**What you should do**. The listing is to be returned word for word, without its images.

**Source data**.
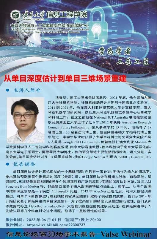 论坛时间:2022年06月01日(星期三)晚上20:00 (北京时间)主 题:从单目深度估计到单目三维场景重建主 持 人:刘昊(WilliamHILL中国)直播网址:https://live.bilibili.com/22300737报告嘉宾:沈春华(浙江大学)报告时间:2022年06月01日(星期三)晚上20:00 (北京时间)报告题目:从单目深度估计到单目三维场景重建沈春华,浙江大学求是讲席教授。2021年底他全职加入浙江大学计算机学院、计算机辅助设计与图形学国家重点实验室。2011到2021...
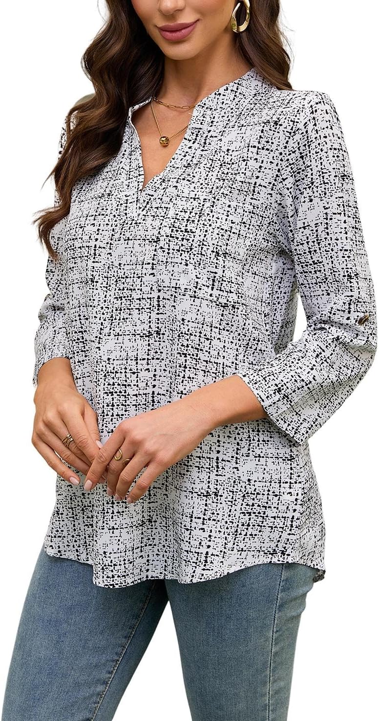 Women's Casual V-Neck Shirt Long Sleeve Button Work Tops Business Casual Summer Floral Tops
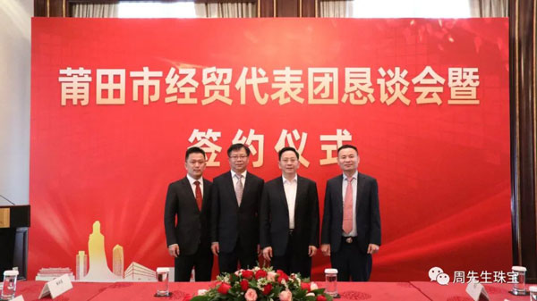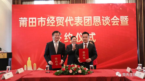 懇談會(huì)期間,莆田經(jīng)貿(mào)代表團(tuán)與眾多莆仙籍企業(yè)家面對(duì)面交流,就共同推進(jìn)項(xiàng)目合作達(dá)成諸多意向,舉行了簽約儀式。香港周先生珠寶金行國際集團(tuán)有限公司作為應(yīng)邀出席的企業(yè)之一,在眾多領(lǐng)導(dǎo)的見證下簽署“香港周先生珠寶金行國際集團(tuán)有限公司供應(yīng)鏈平臺(tái)”項(xiàng)目合作協(xié)議 。

**Answer for the task**.
 论坛时间:2022年06月01日(星期三)晚上20:00 (北京时间)主 题:从单目深度估计到单目三维场景重建主 持 人:刘昊(WilliamHILL中国)直播网址:https://live.bilibili.com/22300737报告嘉宾:沈春华(浙江大学)报告时间:2022年06月01日(星期三)晚上20:00 (北京时间)报告题目:从单目深度估计到单目三维场景重建沈春华,浙江大学求是讲席教授。2021年底他全职加入浙江大学计算机学院、计算机辅助设计与图形学国家重点实验室。2011到2021...
 Women's Casual V-Neck Shirt Long Sleeve Button Work Tops Business Casual Summer Floral Tops
 懇談會(huì)期間,莆田經(jīng)貿(mào)代表團(tuán)與眾多莆仙籍企業(yè)家面對(duì)面交流,就共同推進(jìn)項(xiàng)目合作達(dá)成諸多意向,舉行了簽約儀式。香港周先生珠寶金行國際集團(tuán)有限公司作為應(yīng)邀出席的企業(yè)之一,在眾多領(lǐng)導(dǎo)的見證下簽署“香港周先生珠寶金行國際集團(tuán)有限公司供應(yīng)鏈平臺(tái)”項(xiàng)目合作協(xié)議 。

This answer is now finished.